**What needs to be done**. What you return must match the listing exactly, with every image removed.

**Working data**.
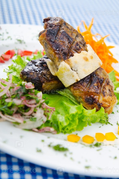 Мясная кухня: кебаб на тарелке
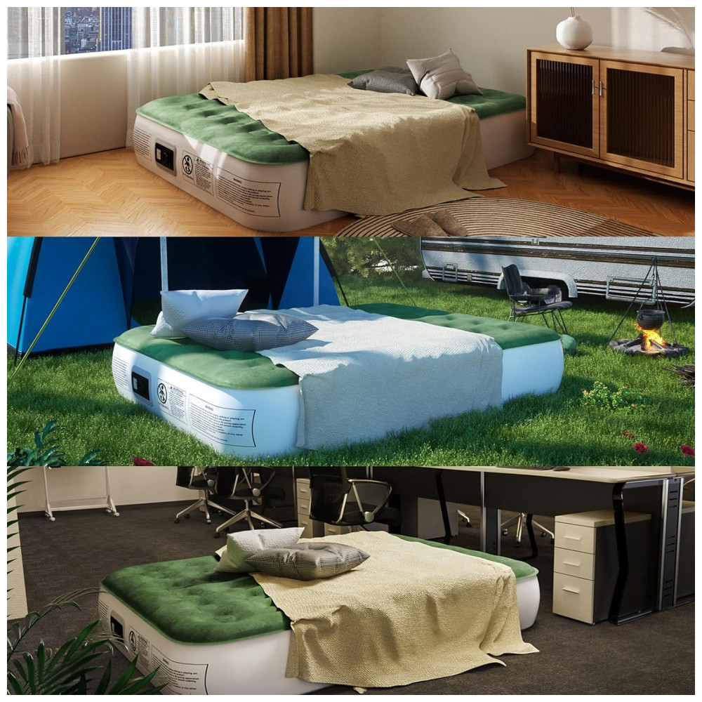 MAIS PRÁTICO Nosso colchão de ar à prova dágua premium pode ser como colchão de chão em casa, como cama portátil em viagens ou até mesmo como colchão de acampamento ao ar livre.
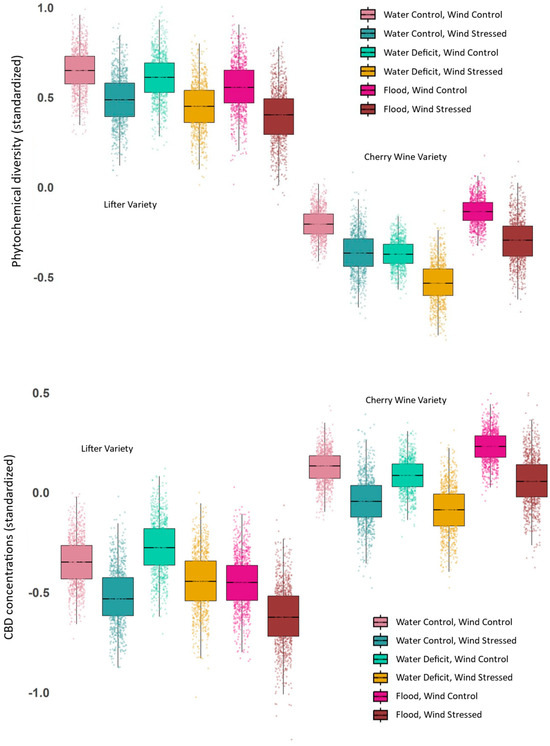 Bayesian estimates of medians and variance for standardized phytochemical diversity and CBD concentrations. Observed phytochemical diversity and CBD concentrations across hemp varieties and water treatments. Both response variables for standardized diversity (Simpson’s index, q = 2) are reported for Cherry Wine (C) and Lifter (L) clones under water deficit, control, and flood treatments. Variety had the largest effect on phytochemical diversity, with L plants showing consistently higher diversity. Stress effects (water deficit and wind stress) increased diversity across both varieties. Variation was estimated with a simple Bayesian approach, and boxplots and points are from a random sample of 1000 points from posterior distributions.
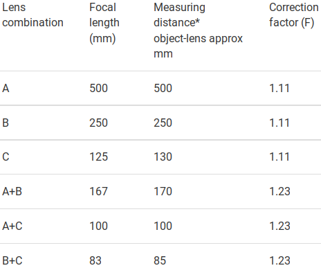The following table applies when using close-up lenses with the Hagner Universal Photometer, model S3, S4 and S5
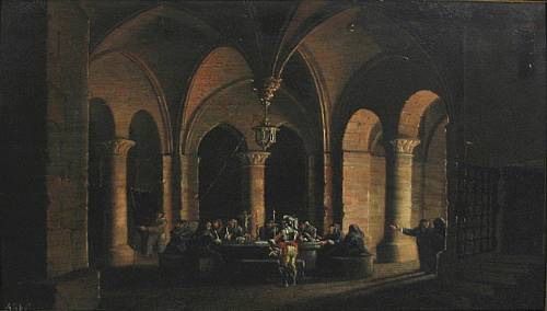 An interior chamber scene with figures at a round table

**Task answer**.
 Мясная кухня: кебаб на тарелке
 MAIS PRÁTICO Nosso colchão de ar à prova dágua premium pode ser como colchão de chão em casa, como cama portátil em viagens ou até mesmo como colchão de acampamento ao ar livre.
 Bayesian estimates of medians and variance for standardized phytochemical diversity and CBD concentrations. Observed phytochemical diversity and CBD concentrations across hemp varieties and water treatments. Both response variables for standardized diversity (Simpson’s index, q = 2) are reported for Cherry Wine (C) and Lifter (L) clones under water deficit, control, and flood treatments. Variety had the largest effect on phytochemical diversity, with L plants showing consistently higher diversity. Stress effects (water deficit and wind stress) increased diversity across both varieties. Variation was estimated with a simple Bayesian approach, and boxplots and points are from a random sample of 1000 points from posterior distributions.
The following table applies when using close-up lenses with the Hagner Universal Photometer, model S3, S4 and S5
 An interior chamber scene with figures at a round table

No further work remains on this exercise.